What third party consents are required to sell a company?

Takeaway: Depending on the structure of the transaction, completing acquisitions can require obtaining third-party consents, including contractual consent rights, stockholder approval, lender consent, regulatory approval, key employee consent, and landlord consent.

When selling a startup, the process involves not only the buyer and the seller but often third parties as well. Third parties such as creditors, stockholders, or landlords may have rights that are impacted by the sale, requiring their consent before the transaction can proceed. This post will explain the key third party consents that startups need to be aware of when planning to sell their company.

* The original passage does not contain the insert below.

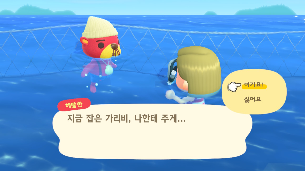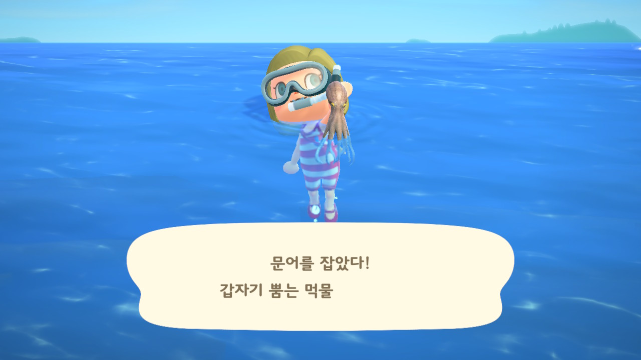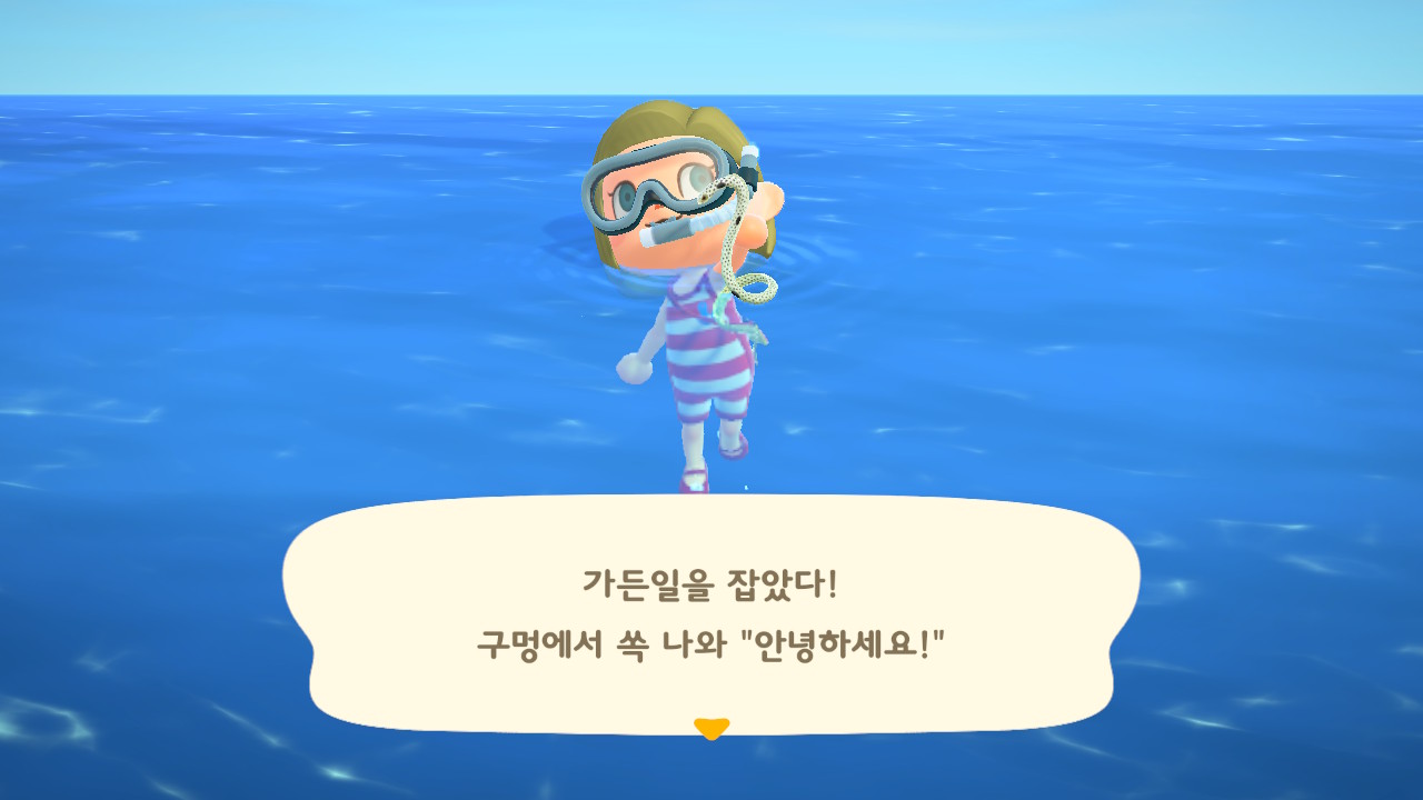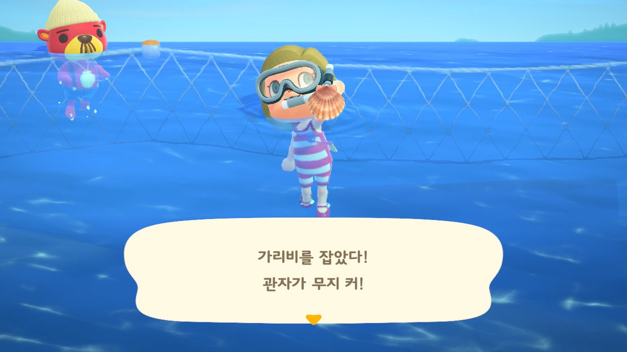 물론 잠수복을 착용해야 하고요. 잠수복은 너굴상점에 가서 찬장 열면 팔고 있습니다.

Contractual Consent Rights

In many business contracts, there is a clause known as a "change of control" provision. This provision requires the company to obtain the consent of the other party before it can be sold. This is particularly common in customer contracts, vendor agreements, and commercial leases. Not all transaction types trigger change of control provisions - reverse triangular mergers, for example, often do not.

Stockholder Consent

In most jurisdictions and corporate structures, the sale of a company requires the consent of its stockholders. Depending on the jurisdiction and the company's charter and bylaws, this could require a variety of votes including a simple majority, a supermajority, and/or a majority of certain classes of stock.

Lender Consent

If the company has taken on debt, the lender may also have a say in the sale of the company. Loan agreements often include covenants that require the lender's consent before the borrower can engage in certain actions, including selling the company.

Regulatory Approval

Depending on the industry and jurisdiction, regulatory authorities may need to approve the sale. This is particularly common in heavily regulated industries, such as healthcare, financial services, and telecommunications but less common with technology startups.

Consent of Key Employees

While not always a legal requirement, obtaining the consent of key employees can be crucial. These individuals often have deep knowledge of the company's operations and relationships with customers and suppliers and the buyer will likely want them to sign new employment agreements. Their departure could significantly impact the value of the company to the buyer.

Landlord Consent

If the company leases its premises, the landlord may need to consent to the transfer of the lease. This is especially relevant if the lease is a significant asset, such as in a retail business.

Conclusion

Selling a company often requires the consent of more parties than just the buyer and the seller. Early identification and management of these third party consents can help prevent delays and complications in the sale process.